Work to complete:
For the material below, the expected output is exactly the lines between the line holding "江旅又為我們帶來了一款令人眼" and the line holding "y leche condensada", inclusive, with pictures left out.

Input data:
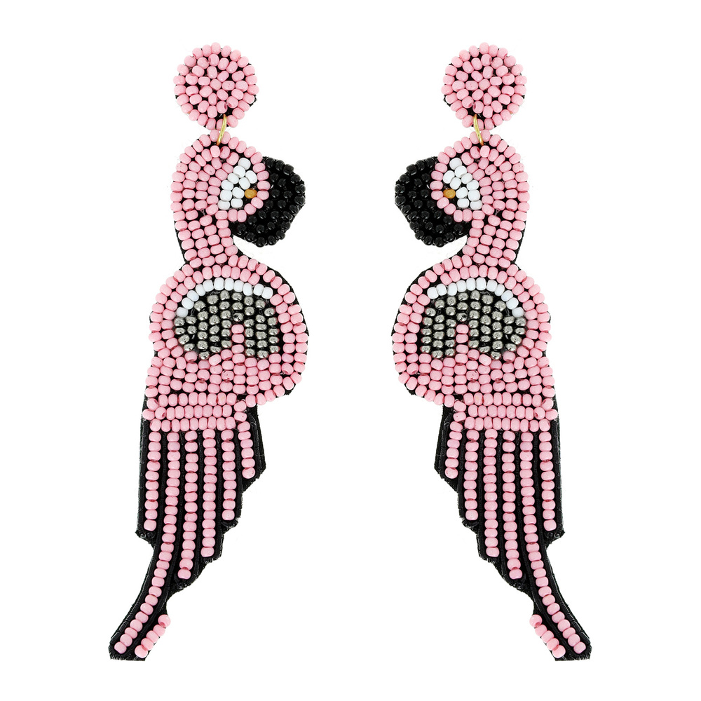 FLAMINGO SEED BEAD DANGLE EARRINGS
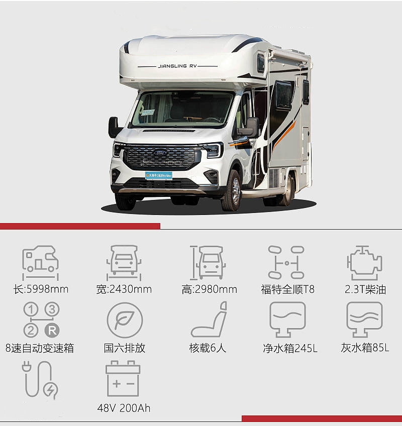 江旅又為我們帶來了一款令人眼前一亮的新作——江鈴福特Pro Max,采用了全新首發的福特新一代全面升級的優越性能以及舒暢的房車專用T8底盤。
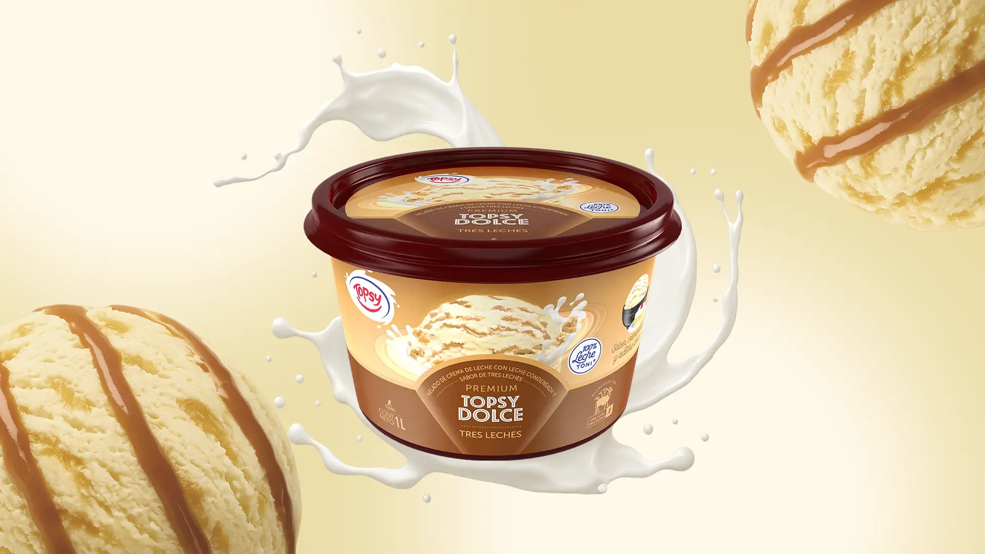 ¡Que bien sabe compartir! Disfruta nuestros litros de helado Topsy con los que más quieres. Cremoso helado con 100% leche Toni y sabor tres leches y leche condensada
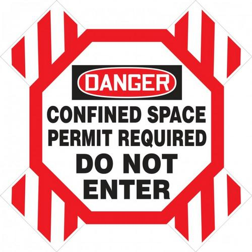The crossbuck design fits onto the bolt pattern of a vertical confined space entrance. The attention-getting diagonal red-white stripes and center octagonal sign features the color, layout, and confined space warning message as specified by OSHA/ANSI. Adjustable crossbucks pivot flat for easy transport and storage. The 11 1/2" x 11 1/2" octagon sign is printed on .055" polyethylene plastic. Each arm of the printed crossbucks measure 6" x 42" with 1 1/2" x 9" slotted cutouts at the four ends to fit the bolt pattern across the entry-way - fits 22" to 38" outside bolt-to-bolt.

Response for this exercise:
 江旅又為我們帶來了一款令人眼前一亮的新作——江鈴福特Pro Max,采用了全新首發的福特新一代全面升級的優越性能以及舒暢的房車專用T8底盤。
 ¡Que bien sabe compartir! Disfruta nuestros litros de helado Topsy con los que más quieres. Cremoso helado con 100% leche Toni y sabor tres leches y leche condensada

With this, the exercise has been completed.